Partito Comunista Internazionale Indice La Teoria marxista della Conoscenza


 
Si, siamo dogmatici
Il Partito Comunista - 1984, n. 114

  

«I rivoluzionari comunisti devono essere quelli che, temprati collettivamente dalle esperienze della lotta contro le degenerazioni del movimento del proletariato, credono fermamente nella Rivoluzione e vogliono fermamente la Rivoluzionema non col credito e col desiderio che si ha di conseguire il saldo di un pagamento, esposti a cedere alla disperazione e alla sfiducia se passa un giorno dalla scadenza della cambiale».

Così scrivevamo in Partito e azione di classe nel 1921. Da allora sono passate non una ma mille scadenze della cambiale, tanto che tutti gli impazienti e gli sfiduciati nella Rivoluzione sono ormai non tanto disperati per il suo «inspiegabile» ritardo, ma sostengono più o meno apertamente che la «realtà» stessa avrebbe smentito il marxismo, costringendo noi – i «talmudici», i «dogmatici», i «settari» – a porci fuori della realtà e della vita reale delle masse. Si tratta di accuse che sono sempre state fatte ai marxisti di tutti i tempi e che hanno raggiunto il culmine nella fase storica attuale di assoluto dominio della borghesia, iniziata proprio con la degenerazione stalinista dell’Internazionale Comunista, di cui un punto cardine fu proprio quello che il Partito dovesse sempre e in qualunque situazione «andare alle masse». Noi abbiamo sempre respinto tali accuse, ma anche decisamente affermato, fin dai primi germi della nuova degenerazione, che al principio che il Partito debba sempre essere «con le masse» dobbiamo opporre l’altro che la stessa classe proletaria è un non-senso senza il Partito Comunista, che è e resta tale solo se sa mantenere integri, soprattutto nelle sconfitte proletarie, teoria e programmi rivoluzionari.

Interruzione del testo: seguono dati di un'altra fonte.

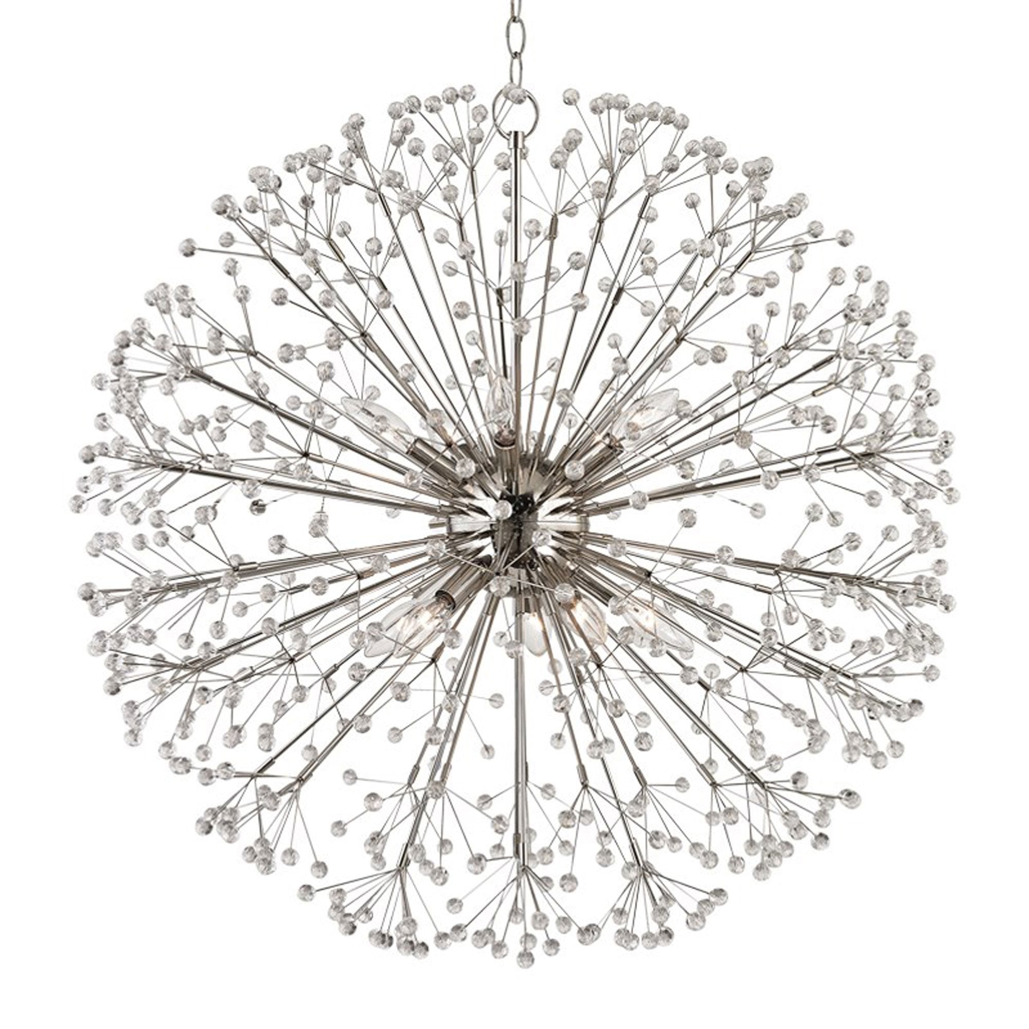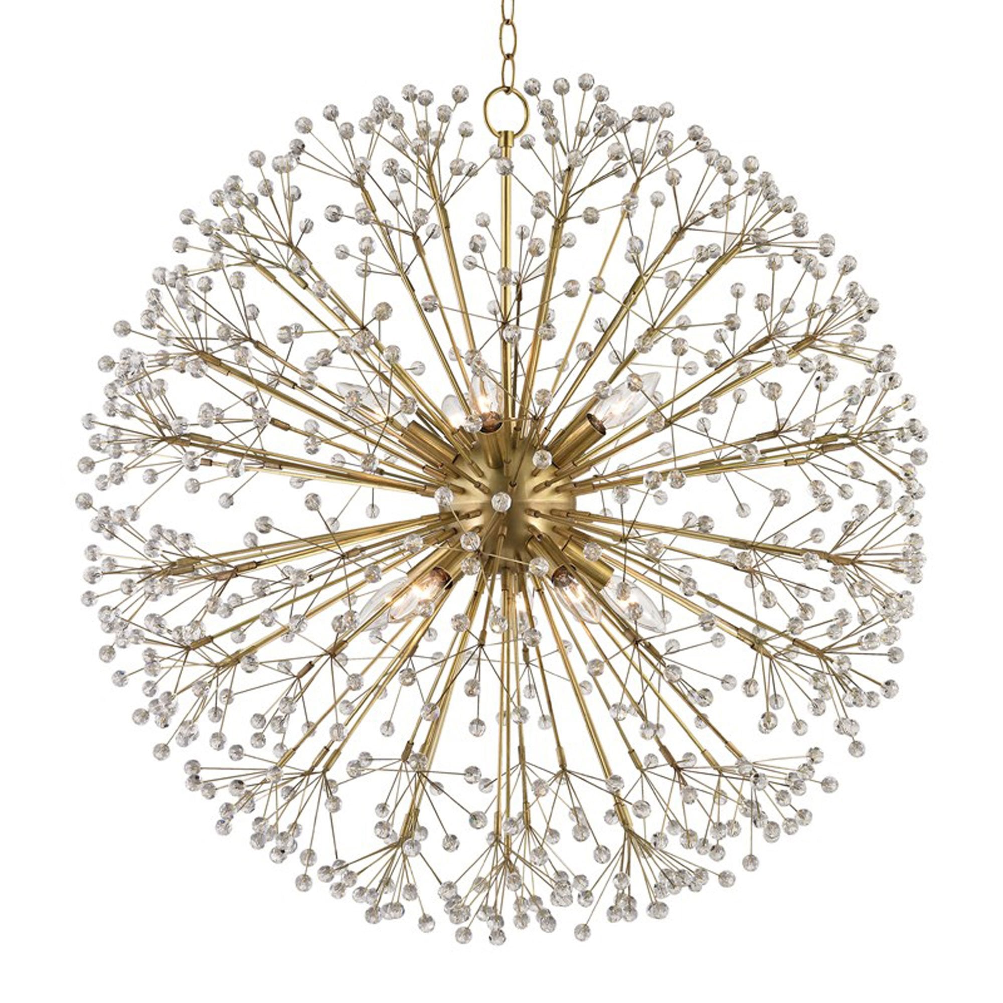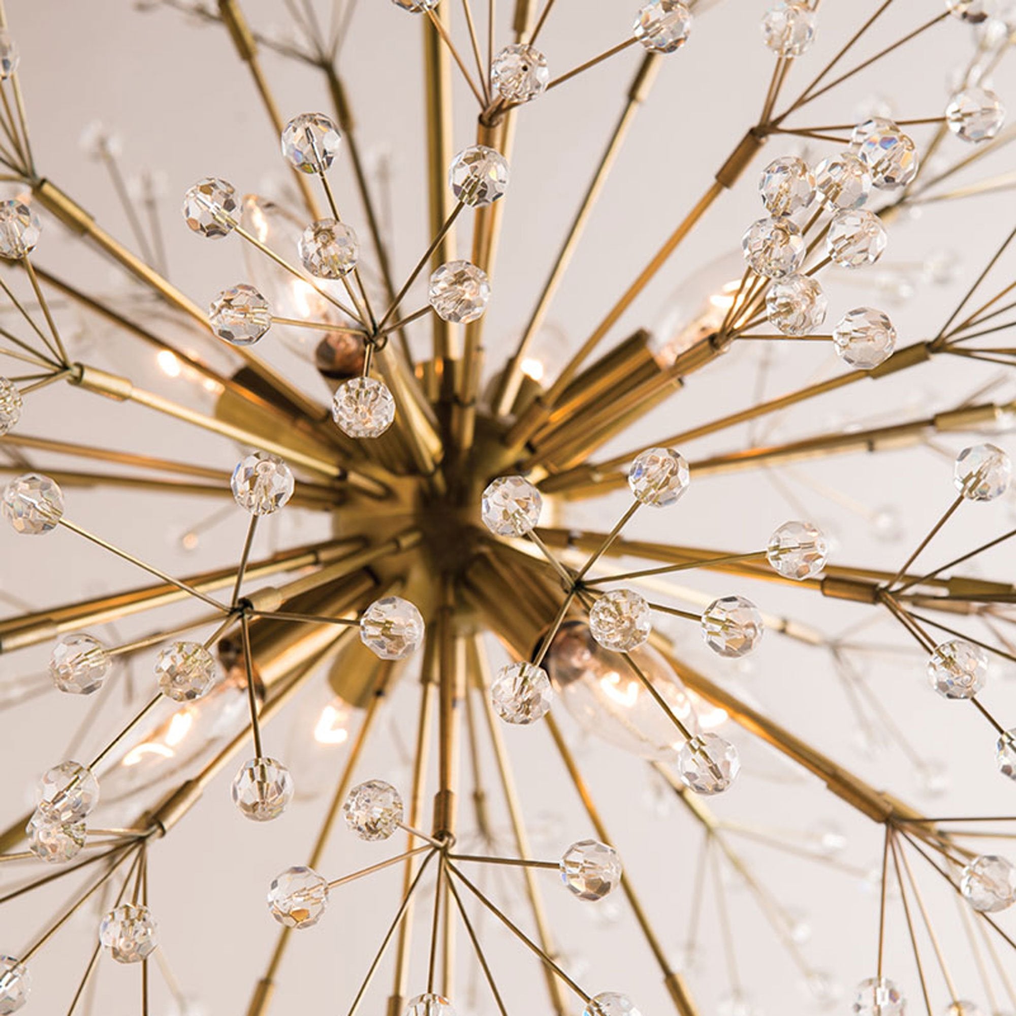 The earthly and the extraterrestrial combine in this beautiful, branching family. Faceted crystal spheres bedazzle at the end of every branch, luminously refracting the light. Like a star being born, Dunkirk is at once organic and out of this world. When Sarfatti designed the first chandelier that launched the Sputnik-style craze, it had been fireworks he was trying to emulate. There is something both of the firework exploding and the fixtures Sarfatti inspired in this opulent piece.

È proprio in tale decisa tesi che l’opportunismo immediatista vede il nostro porci «fuori della realtà» e la nostra «dogmatica» affermazione del comunismo anche contro la realtà stessa.

Ma come si spiega che solo il comunismo «dogmatico» è capace di dare una spiegazione materialistica della realtà, mentre tutte le altre visioni «più realistiche» vi hanno perfino espressamente rinunciato? Sono partiti dalla pretesa di essere «più vicini» alle masse, dalla tesi – chiodo fisso del più bestiale opportunismo – che il Partito e lo Stato centralizzati sacrificherebbero l’«autonomia» del proletariato, per finire nel sostenere che proprio la teoria della funzione primaria del Partito nella Rivoluzione e in tutto l’arco storico che si concluderà con la distruzione della borghesia mondiale, costituisce un impedimento alla Rivoluzione stessa. La nostra tesi-teorema è opposta ed esatta: non solo nel partito soltanto è la coscienza del futuro corso storico e la volontà di giungere a finalità determinate, per cui insurrezione, governo, dittatura, piano economico di classe sono compiti del Partito, ma proprio perciò, nel suo lungo corso storico verso la Rivoluzione, la classe ha sempre più bisogno del Partito a differenza di altri organismi transitori, per cui «la classe è tale in quanto ha il Partito».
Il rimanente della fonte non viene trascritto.